Weird behaviour in evaluating spaces in string in bash

Question

I have the following string in bash

pseed="  0  0  0 45 46 78 99100" #there is 2 spaces between 2 zeros

My string contains a number in each bloc of 3 charachters. if the number < 100 then the number is padded with spaces. And I want to extract all numbers with a common format ${pseed:3*i:3} and I want to use this format in a while loop

when I want to display the first 0 with:

$echo ${pseed:0:3}
0

I get a 0 as expected

but when I dsplay the second 0 with

$echo ${pseed:3:6}
0 0

I get 0 0 and it's unexpected.

What's happening?

I remarked that when displaying:

$pseed="  0  0  0  0"
$echo $pseed
0 0 0 0

there is only one space between zeros.

How to avoid a such behaviour in bash?

Answer 1

You need to quote your variable expansion to prevent arbitrary runs of whitespace from being treated as a single word separator.

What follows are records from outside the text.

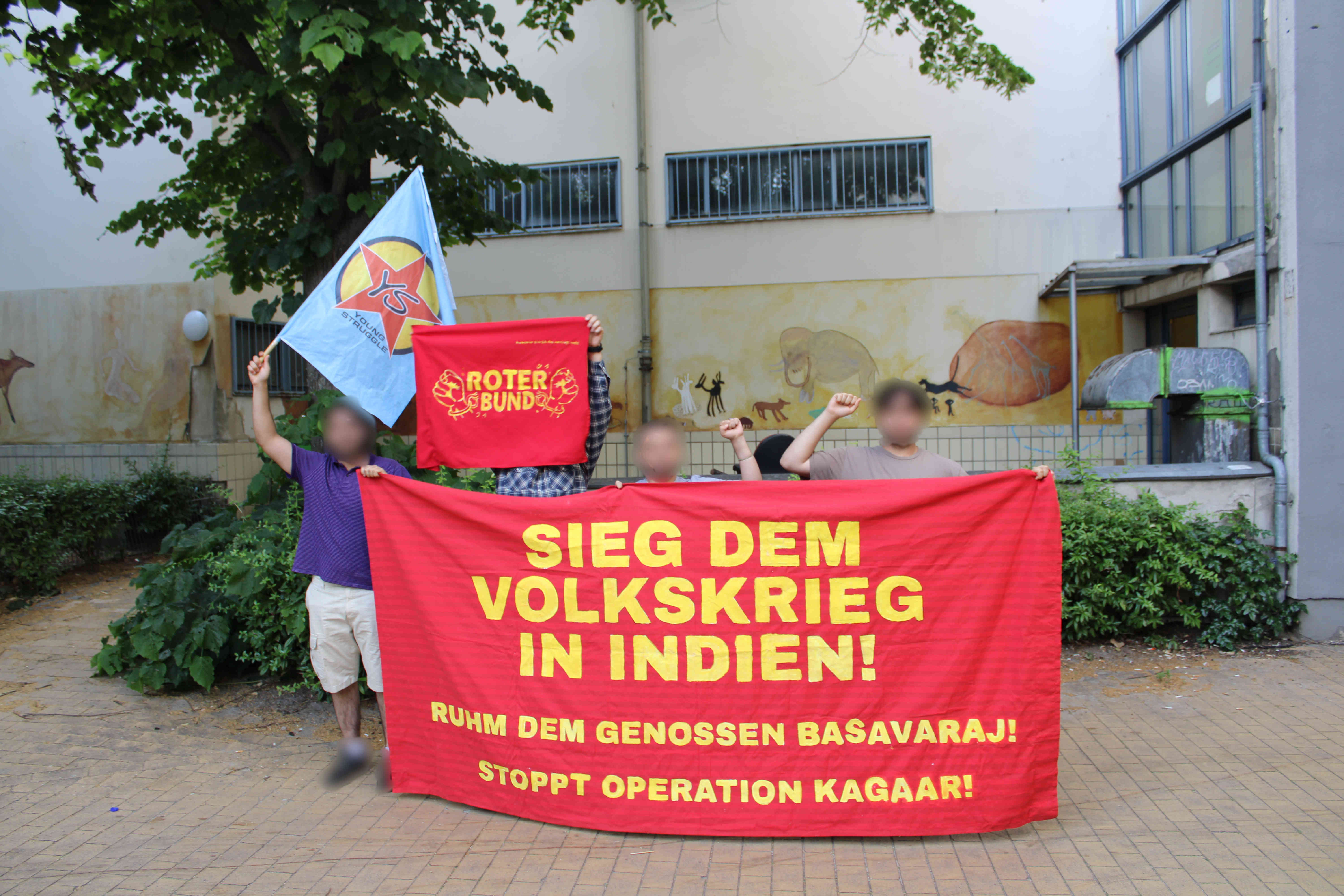 Innerhalb der Veranstaltungsreihe aus Anlass der Ermordung von Genosse Basavaraj und in Solidarität mit dem Volkskrieg in Indien hat am vergangenen Freitag den 4. Juli eine Veranstaltung auch in Berlin stattgefunden, wo es den Genossen von Young Struggle gelang kurzfristig Räumlichkeiten zu organisieren. Gemeinsam mit Aktivisten des Roten Bundes wurde so eine kleine gemeinsame Gedenkveranstaltung organisiert, in der die Rede zur Kampagne verlesen und ein Solidaritätsfoto aufgenommen wurde.
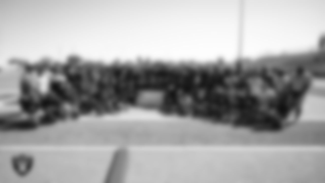 Las Vegas Raiders defensive end Charles Snowden (49) poses for a photo with the Shadow Ridge High School football team during practice at Shadow Ridge High School.
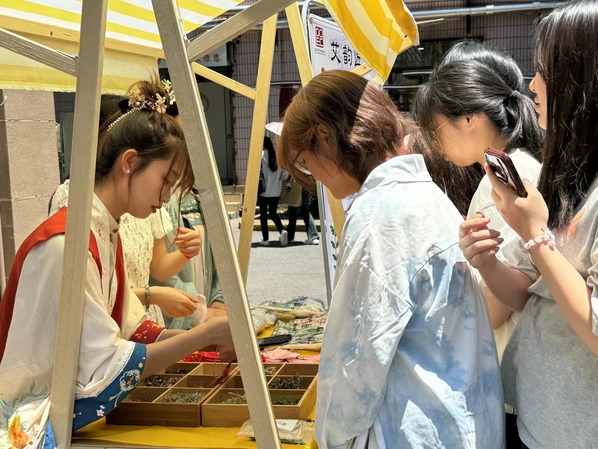 活动现场,同学们热情高涨,纷纷驻足参与。在艾草锤的制作环节,同学们亲手将艾草与布料等材料结合,制作出具有中医养生功效的艾草锤。而在古法中药香囊的制作中,同学们根据个人喜好挑选中药材,经过混合后装入精美的香囊中,整个制作过程充满了乐趣与探索。
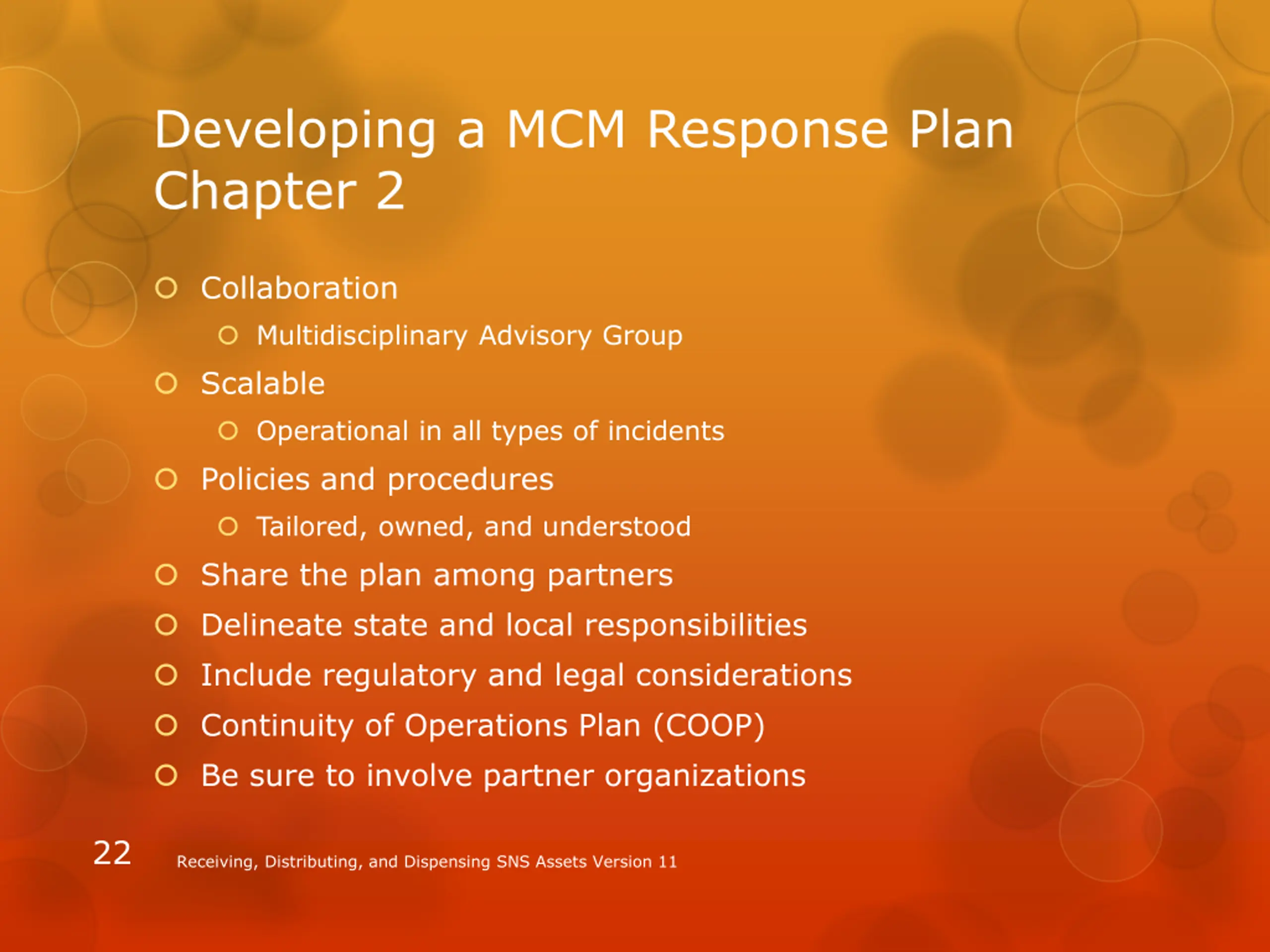 Developing a MCM Response Plan Chapter 2 Collaboration Multidisciplinary Advisory Group Scalable Operational in all types of incidents Policies and procedures Tailored, owned, and understood Share the plan among partners Delineate state and local responsibilities Include regulatory and legal considerations Continuity of Operations Plan (COOP) Be sure to involve partner organizations 22 Receiving, Distributing, and Dispensing SNS Assets Version 11

$ pseed="  0  0  0 45 46 78 99100"
$ echo x${pseed:3:6}x
x 0 0x
$ echo "x${pseed:3:6}x"
x  0  0x

A bash extension to the read built-in command makes it a little easier to extract fixed-width fields from a string:

arr=()
while read -n 3 num; do   # -n 3: read 3 characters at a time
    arr+=($num)
done <<< "$pseed"         # Quote to preserve whitespace

Answer 2

From documentation available here:

${string:position:length}

Extracts $length characters of substring from $string at $position.

I believe what you should be trying to echo is ${pseed:3:3} to get a single 0.

As for the second part of the question, echo sees 4 parameters and prints them out with a single space in between. In order to preserve the whitespace, you need to use echo "$pseed".